Write out the records again, exactly, leaving none out.

Records contained in a dataset
[Start of section]

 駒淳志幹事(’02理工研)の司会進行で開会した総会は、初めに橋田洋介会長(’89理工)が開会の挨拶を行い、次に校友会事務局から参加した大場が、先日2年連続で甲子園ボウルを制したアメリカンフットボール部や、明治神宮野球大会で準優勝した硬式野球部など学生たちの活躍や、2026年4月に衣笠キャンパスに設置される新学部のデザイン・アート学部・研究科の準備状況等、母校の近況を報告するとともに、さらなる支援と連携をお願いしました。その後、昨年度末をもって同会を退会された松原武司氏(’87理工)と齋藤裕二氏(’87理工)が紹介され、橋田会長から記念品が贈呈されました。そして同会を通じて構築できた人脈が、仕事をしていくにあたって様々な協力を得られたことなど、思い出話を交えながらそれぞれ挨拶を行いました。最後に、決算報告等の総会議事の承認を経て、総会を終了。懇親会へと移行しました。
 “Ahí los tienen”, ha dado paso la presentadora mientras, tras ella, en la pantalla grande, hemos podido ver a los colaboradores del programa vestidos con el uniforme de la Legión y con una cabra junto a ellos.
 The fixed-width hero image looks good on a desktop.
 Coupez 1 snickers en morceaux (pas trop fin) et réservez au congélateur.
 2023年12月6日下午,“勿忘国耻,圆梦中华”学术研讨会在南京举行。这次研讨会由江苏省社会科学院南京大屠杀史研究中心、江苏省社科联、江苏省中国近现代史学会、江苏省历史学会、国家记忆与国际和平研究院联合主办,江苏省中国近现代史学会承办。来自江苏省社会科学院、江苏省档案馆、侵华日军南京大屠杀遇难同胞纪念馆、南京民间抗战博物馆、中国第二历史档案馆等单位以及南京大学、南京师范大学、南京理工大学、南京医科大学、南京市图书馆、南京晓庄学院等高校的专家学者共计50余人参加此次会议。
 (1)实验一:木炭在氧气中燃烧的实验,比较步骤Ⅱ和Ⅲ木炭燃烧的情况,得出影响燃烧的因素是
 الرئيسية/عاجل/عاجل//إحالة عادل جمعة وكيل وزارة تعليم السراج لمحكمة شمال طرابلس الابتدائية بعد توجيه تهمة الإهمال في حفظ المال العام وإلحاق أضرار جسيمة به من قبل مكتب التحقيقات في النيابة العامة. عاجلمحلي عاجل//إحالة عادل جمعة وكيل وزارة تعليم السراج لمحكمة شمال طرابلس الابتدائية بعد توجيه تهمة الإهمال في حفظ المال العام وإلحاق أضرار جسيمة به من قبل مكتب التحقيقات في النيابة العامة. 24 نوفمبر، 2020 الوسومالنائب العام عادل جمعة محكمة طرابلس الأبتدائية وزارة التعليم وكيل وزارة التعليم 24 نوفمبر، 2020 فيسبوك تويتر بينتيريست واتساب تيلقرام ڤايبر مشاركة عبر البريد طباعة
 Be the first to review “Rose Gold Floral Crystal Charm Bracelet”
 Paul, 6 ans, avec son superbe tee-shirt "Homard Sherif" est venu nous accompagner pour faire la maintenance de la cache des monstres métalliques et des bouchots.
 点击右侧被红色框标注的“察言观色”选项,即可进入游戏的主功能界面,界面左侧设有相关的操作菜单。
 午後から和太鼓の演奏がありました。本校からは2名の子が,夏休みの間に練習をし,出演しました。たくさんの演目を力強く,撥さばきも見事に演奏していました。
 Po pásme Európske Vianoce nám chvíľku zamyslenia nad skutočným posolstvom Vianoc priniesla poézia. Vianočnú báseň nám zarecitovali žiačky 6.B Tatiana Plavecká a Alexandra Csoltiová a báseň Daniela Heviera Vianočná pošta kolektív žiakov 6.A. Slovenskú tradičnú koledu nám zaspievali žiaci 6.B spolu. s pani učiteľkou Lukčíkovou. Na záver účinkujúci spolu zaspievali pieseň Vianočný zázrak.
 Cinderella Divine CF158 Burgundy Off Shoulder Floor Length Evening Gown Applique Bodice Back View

[End of section]

# Solution
 駒淳志幹事(’02理工研)の司会進行で開会した総会は、初めに橋田洋介会長(’89理工)が開会の挨拶を行い、次に校友会事務局から参加した大場が、先日2年連続で甲子園ボウルを制したアメリカンフットボール部や、明治神宮野球大会で準優勝した硬式野球部など学生たちの活躍や、2026年4月に衣笠キャンパスに設置される新学部のデザイン・アート学部・研究科の準備状況等、母校の近況を報告するとともに、さらなる支援と連携をお願いしました。その後、昨年度末をもって同会を退会された松原武司氏(’87理工)と齋藤裕二氏(’87理工)が紹介され、橋田会長から記念品が贈呈されました。そして同会を通じて構築できた人脈が、仕事をしていくにあたって様々な協力を得られたことなど、思い出話を交えながらそれぞれ挨拶を行いました。最後に、決算報告等の総会議事の承認を経て、総会を終了。懇親会へと移行しました。
 “Ahí los tienen”, ha dado paso la presentadora mientras, tras ella, en la pantalla grande, hemos podido ver a los colaboradores del programa vestidos con el uniforme de la Legión y con una cabra junto a ellos.
 The fixed-width hero image looks good on a desktop.
 Coupez 1 snickers en morceaux (pas trop fin) et réservez au congélateur.
 2023年12月6日下午,“勿忘国耻,圆梦中华”学术研讨会在南京举行。这次研讨会由江苏省社会科学院南京大屠杀史研究中心、江苏省社科联、江苏省中国近现代史学会、江苏省历史学会、国家记忆与国际和平研究院联合主办,江苏省中国近现代史学会承办。来自江苏省社会科学院、江苏省档案馆、侵华日军南京大屠杀遇难同胞纪念馆、南京民间抗战博物馆、中国第二历史档案馆等单位以及南京大学、南京师范大学、南京理工大学、南京医科大学、南京市图书馆、南京晓庄学院等高校的专家学者共计50余人参加此次会议。
 (1)实验一:木炭在氧气中燃烧的实验,比较步骤Ⅱ和Ⅲ木炭燃烧的情况,得出影响燃烧的因素是
 الرئيسية/عاجل/عاجل//إحالة عادل جمعة وكيل وزارة تعليم السراج لمحكمة شمال طرابلس الابتدائية بعد توجيه تهمة الإهمال في حفظ المال العام وإلحاق أضرار جسيمة به من قبل مكتب التحقيقات في النيابة العامة. عاجلمحلي عاجل//إحالة عادل جمعة وكيل وزارة تعليم السراج لمحكمة شمال طرابلس الابتدائية بعد توجيه تهمة الإهمال في حفظ المال العام وإلحاق أضرار جسيمة به من قبل مكتب التحقيقات في النيابة العامة. 24 نوفمبر، 2020 الوسومالنائب العام عادل جمعة محكمة طرابلس الأبتدائية وزارة التعليم وكيل وزارة التعليم 24 نوفمبر، 2020 فيسبوك تويتر بينتيريست واتساب تيلقرام ڤايبر مشاركة عبر البريد طباعة
 Be the first to review “Rose Gold Floral Crystal Charm Bracelet”
 Paul, 6 ans, avec son superbe tee-shirt "Homard Sherif" est venu nous accompagner pour faire la maintenance de la cache des monstres métalliques et des bouchots.
 点击右侧被红色框标注的“察言观色”选项,即可进入游戏的主功能界面,界面左侧设有相关的操作菜单。
 午後から和太鼓の演奏がありました。本校からは2名の子が,夏休みの間に練習をし,出演しました。たくさんの演目を力強く,撥さばきも見事に演奏していました。
 Po pásme Európske Vianoce nám chvíľku zamyslenia nad skutočným posolstvom Vianoc priniesla poézia. Vianočnú báseň nám zarecitovali žiačky 6.B Tatiana Plavecká a Alexandra Csoltiová a báseň Daniela Heviera Vianočná pošta kolektív žiakov 6.A. Slovenskú tradičnú koledu nám zaspievali žiaci 6.B spolu. s pani učiteľkou Lukčíkovou. Na záver účinkujúci spolu zaspievali pieseň Vianočný zázrak.
 Cinderella Divine CF158 Burgundy Off Shoulder Floor Length Evening Gown Applique Bodice Back View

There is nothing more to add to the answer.